# Task objective:
Copy out the entries below exactly as they stand, but only from the line containing "En una Mac pantalla" through the line containing "Newbie Barne Lue".

# Records for this task:
• • • • •

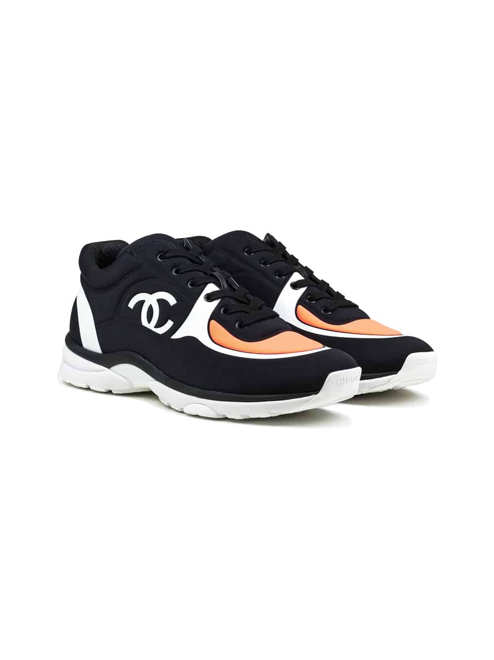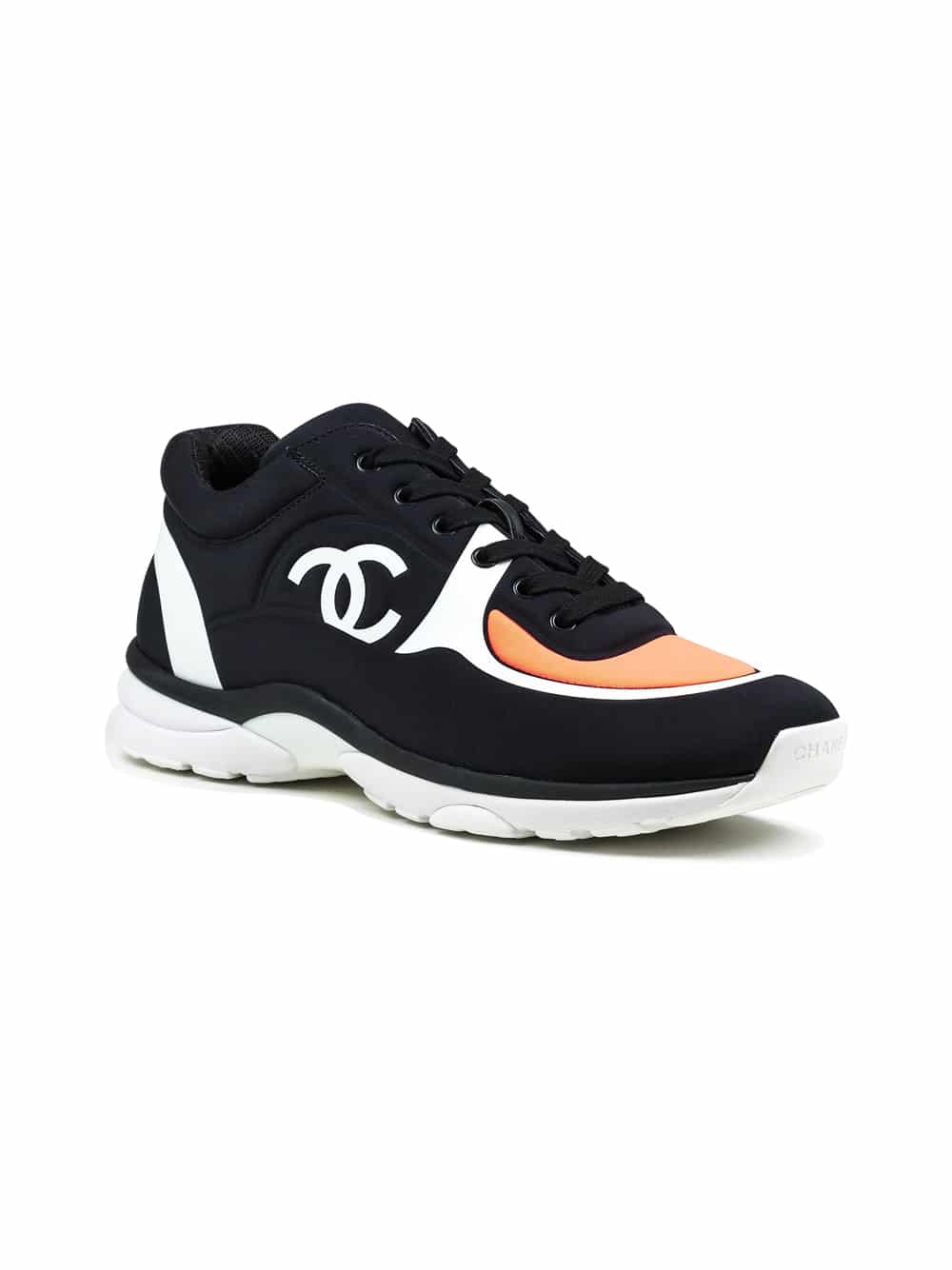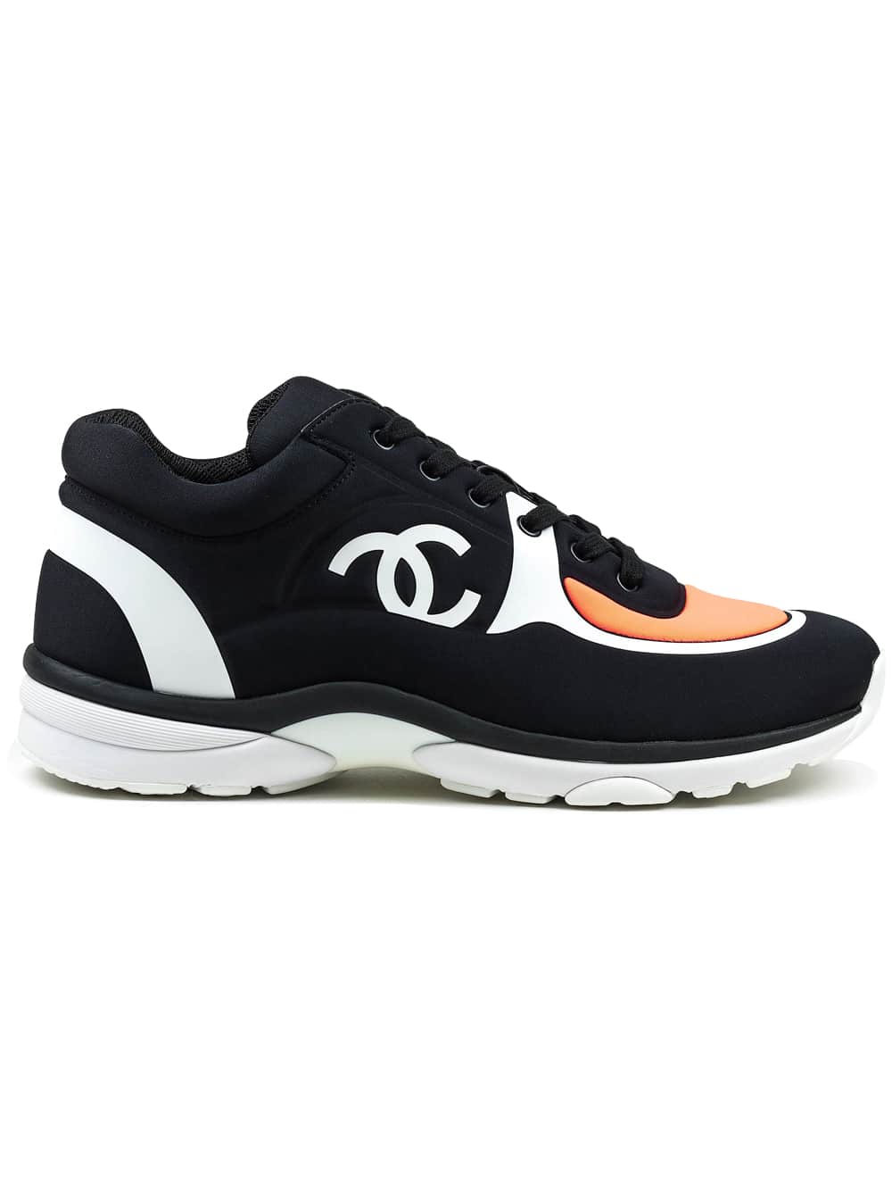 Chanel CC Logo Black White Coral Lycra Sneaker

• • • • •

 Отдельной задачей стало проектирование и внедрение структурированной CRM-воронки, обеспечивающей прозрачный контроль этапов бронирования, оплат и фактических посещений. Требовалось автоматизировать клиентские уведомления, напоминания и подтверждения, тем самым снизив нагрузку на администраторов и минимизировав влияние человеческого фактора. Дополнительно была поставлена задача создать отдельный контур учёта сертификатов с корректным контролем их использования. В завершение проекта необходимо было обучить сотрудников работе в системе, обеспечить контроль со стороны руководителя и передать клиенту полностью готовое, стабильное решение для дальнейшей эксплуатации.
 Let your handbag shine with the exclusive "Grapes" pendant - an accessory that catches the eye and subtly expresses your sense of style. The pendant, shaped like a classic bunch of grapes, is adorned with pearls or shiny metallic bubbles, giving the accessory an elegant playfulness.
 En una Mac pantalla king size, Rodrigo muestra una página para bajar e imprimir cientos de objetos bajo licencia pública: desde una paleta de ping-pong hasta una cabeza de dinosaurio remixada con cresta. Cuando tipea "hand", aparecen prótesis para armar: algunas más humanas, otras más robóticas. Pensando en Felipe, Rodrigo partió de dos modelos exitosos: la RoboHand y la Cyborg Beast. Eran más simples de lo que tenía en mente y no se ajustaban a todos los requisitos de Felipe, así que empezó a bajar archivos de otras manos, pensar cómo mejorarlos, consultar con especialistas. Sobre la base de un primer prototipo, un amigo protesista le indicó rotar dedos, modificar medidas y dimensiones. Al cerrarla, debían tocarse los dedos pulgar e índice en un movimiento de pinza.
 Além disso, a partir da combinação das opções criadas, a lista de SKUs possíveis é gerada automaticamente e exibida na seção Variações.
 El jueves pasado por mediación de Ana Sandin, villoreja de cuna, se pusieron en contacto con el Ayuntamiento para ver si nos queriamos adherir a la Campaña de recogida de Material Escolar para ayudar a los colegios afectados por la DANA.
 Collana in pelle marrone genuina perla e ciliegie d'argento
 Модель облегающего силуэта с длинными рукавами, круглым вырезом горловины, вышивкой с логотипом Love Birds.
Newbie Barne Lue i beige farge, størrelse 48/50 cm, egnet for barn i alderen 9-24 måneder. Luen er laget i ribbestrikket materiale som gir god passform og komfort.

• • • • •

# Written answer:
 En una Mac pantalla king size, Rodrigo muestra una página para bajar e imprimir cientos de objetos bajo licencia pública: desde una paleta de ping-pong hasta una cabeza de dinosaurio remixada con cresta. Cuando tipea "hand", aparecen prótesis para armar: algunas más humanas, otras más robóticas. Pensando en Felipe, Rodrigo partió de dos modelos exitosos: la RoboHand y la Cyborg Beast. Eran más simples de lo que tenía en mente y no se ajustaban a todos los requisitos de Felipe, así que empezó a bajar archivos de otras manos, pensar cómo mejorarlos, consultar con especialistas. Sobre la base de un primer prototipo, un amigo protesista le indicó rotar dedos, modificar medidas y dimensiones. Al cerrarla, debían tocarse los dedos pulgar e índice en un movimiento de pinza.
 Além disso, a partir da combinação das opções criadas, a lista de SKUs possíveis é gerada automaticamente e exibida na seção Variações.
 El jueves pasado por mediación de Ana Sandin, villoreja de cuna, se pusieron en contacto con el Ayuntamiento para ver si nos queriamos adherir a la Campaña de recogida de Material Escolar para ayudar a los colegios afectados por la DANA.
 Collana in pelle marrone genuina perla e ciliegie d'argento
 Модель облегающего силуэта с длинными рукавами, круглым вырезом горловины, вышивкой с логотипом Love Birds.
Newbie Barne Lue i beige farge, størrelse 48/50 cm, egnet for barn i alderen 9-24 måneder. Luen er laget i ribbestrikket materiale som gir god passform og komfort.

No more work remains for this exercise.